(Stored records)
|---|

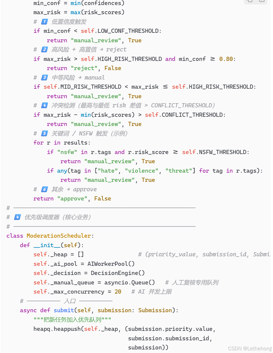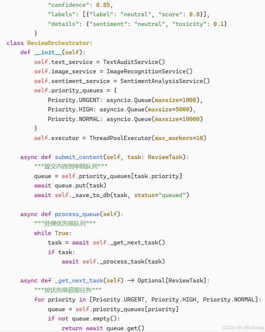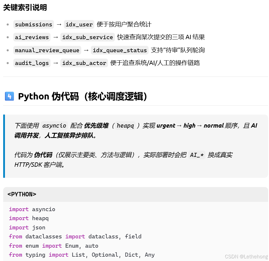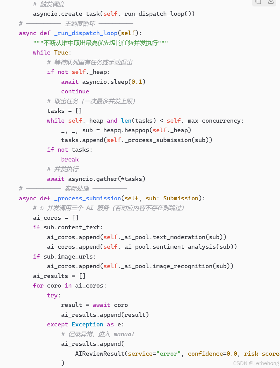 Python伪代码:提供了完整的调度逻辑,包含队列管理、并发处理、结果聚合
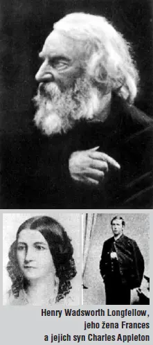 Stárnoucí klasik se zachmuřil. Ani ne před dvěma lety přišel za tragických okolností o ženu. Tehdy v onom horkém letním dni se stalo cosi velice podivného: zatímco Henry dřímal, manželka Fanny ukládala na památku do obálky vlásky jednoho ze svých šesti dětí. Když chtěla obálku zapečetit horkým voskem, vzplály jí šaty. Longfellow se okamžitě probral, hodil přes ni kus látky a snažil se plameny uhasit. Nebohá Frances však už byla ošklivě popálená. I když se časem vyrojilo plno teorií, co přesně se tenkrát mohlo stát, úplnou pravdu nikdy nikdo nezjistil. Prý nemuselo jít o žádný vosk, Fanny na sebe mohla zvrhnout hořící svíčku. Anebo snad spadla ze stolu zápalka a sama se rozžala, jak tvrdila básníkova nejmladší dcera Annie? Tak či tak, Longfellowova choť upadla do bezvědomí a následujícího rána, jen co stačila z posledních sil požádat o šálek kávy, zemřela. Sám Henry se při pokusu zachránit ji tak popálil, že nebyl schopen zúčastnit se pohřbu. Aby skryl svá poranění, do konce života se už neholil. Divoký plnovous se stal jeho poznávacím znamením.
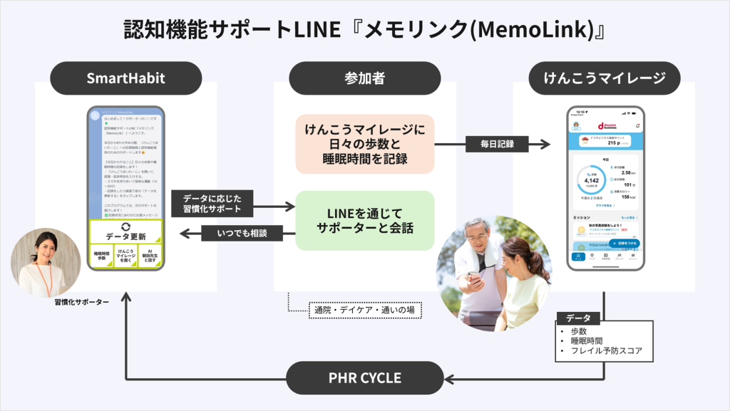 本事業における提案内容及び審査の結果に基づき、習慣化プラットフォーム「Smart Habit」を開発・運営するサービス事業者のWizWeとPHR事業者のNTTドコモビジネスのマッチングが成立し、高齢者の認知機能の維持と健康的な生活習慣づくりをサポートするサービスの実証として、認知機能サポートLINE『メモリンク(MemoLink)』(以下 本実証) を開始いたします。
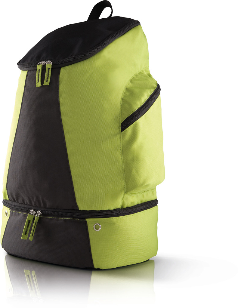 Mochila em poliéster 600D e Ripstop 300D, compartimento principal e compartimento para sapatos com ilhós, bolsos laterais, alças ajustáveis e acolchoadas em material respirável.
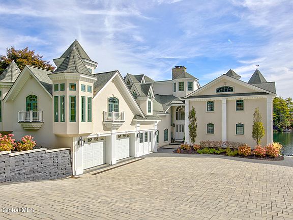 Enjoy breathtaking waterfront and mountain views from this spectacular 7100 sq ft custom home on Lake George, Queen of American Lakes! Featuring 103 ft of direct lakefront with sandy beach, boathouse for 2 boats, with 1 lift for up to 35' boat, bubblers, two jet ski lifts and mooring for additional watercraft. First floor primary wing~ floor to ceiling windows from all rooms lake side~architectural moldings and woodwork throughout~granite floors~solid surface countertops~ mahogany doors~floors & arches~security system~central vacuum~ Cali Closet system~many NEW updates in 2021 including entire exterior landscape~hardscape in techno block~retaining walls~ pillars~torch lights~propane fire pit~wood burning fire pit~sprinkler system~generator. Agent to accompany.POF required.
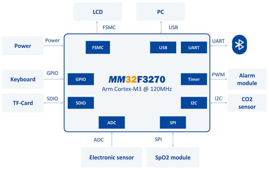 -信號采集:通過電極和傳感器拾取人體生理參數信號,并將光、壓力等其它信號轉化為電信號,通過ADC或者通信口接收采集的數據

|---|

The data above holds the lines to copy: start at the one with "Stárnoucí klasik se", stop at the one with "Mochila em poliéster", include both, copy them exactly without pictures, and copy nothing else.

 Stárnoucí klasik se zachmuřil. Ani ne před dvěma lety přišel za tragických okolností o ženu. Tehdy v onom horkém letním dni se stalo cosi velice podivného: zatímco Henry dřímal, manželka Fanny ukládala na památku do obálky vlásky jednoho ze svých šesti dětí. Když chtěla obálku zapečetit horkým voskem, vzplály jí šaty. Longfellow se okamžitě probral, hodil přes ni kus látky a snažil se plameny uhasit. Nebohá Frances však už byla ošklivě popálená. I když se časem vyrojilo plno teorií, co přesně se tenkrát mohlo stát, úplnou pravdu nikdy nikdo nezjistil. Prý nemuselo jít o žádný vosk, Fanny na sebe mohla zvrhnout hořící svíčku. Anebo snad spadla ze stolu zápalka a sama se rozžala, jak tvrdila básníkova nejmladší dcera Annie? Tak či tak, Longfellowova choť upadla do bezvědomí a následujícího rána, jen co stačila z posledních sil požádat o šálek kávy, zemřela. Sám Henry se při pokusu zachránit ji tak popálil, že nebyl schopen zúčastnit se pohřbu. Aby skryl svá poranění, do konce života se už neholil. Divoký plnovous se stal jeho poznávacím znamením.
 本事業における提案内容及び審査の結果に基づき、習慣化プラットフォーム「Smart Habit」を開発・運営するサービス事業者のWizWeとPHR事業者のNTTドコモビジネスのマッチングが成立し、高齢者の認知機能の維持と健康的な生活習慣づくりをサポートするサービスの実証として、認知機能サポートLINE『メモリンク(MemoLink)』(以下 本実証) を開始いたします。
 Mochila em poliéster 600D e Ripstop 300D, compartimento principal e compartimento para sapatos com ilhós, bolsos laterais, alças ajustáveis e acolchoadas em material respirável.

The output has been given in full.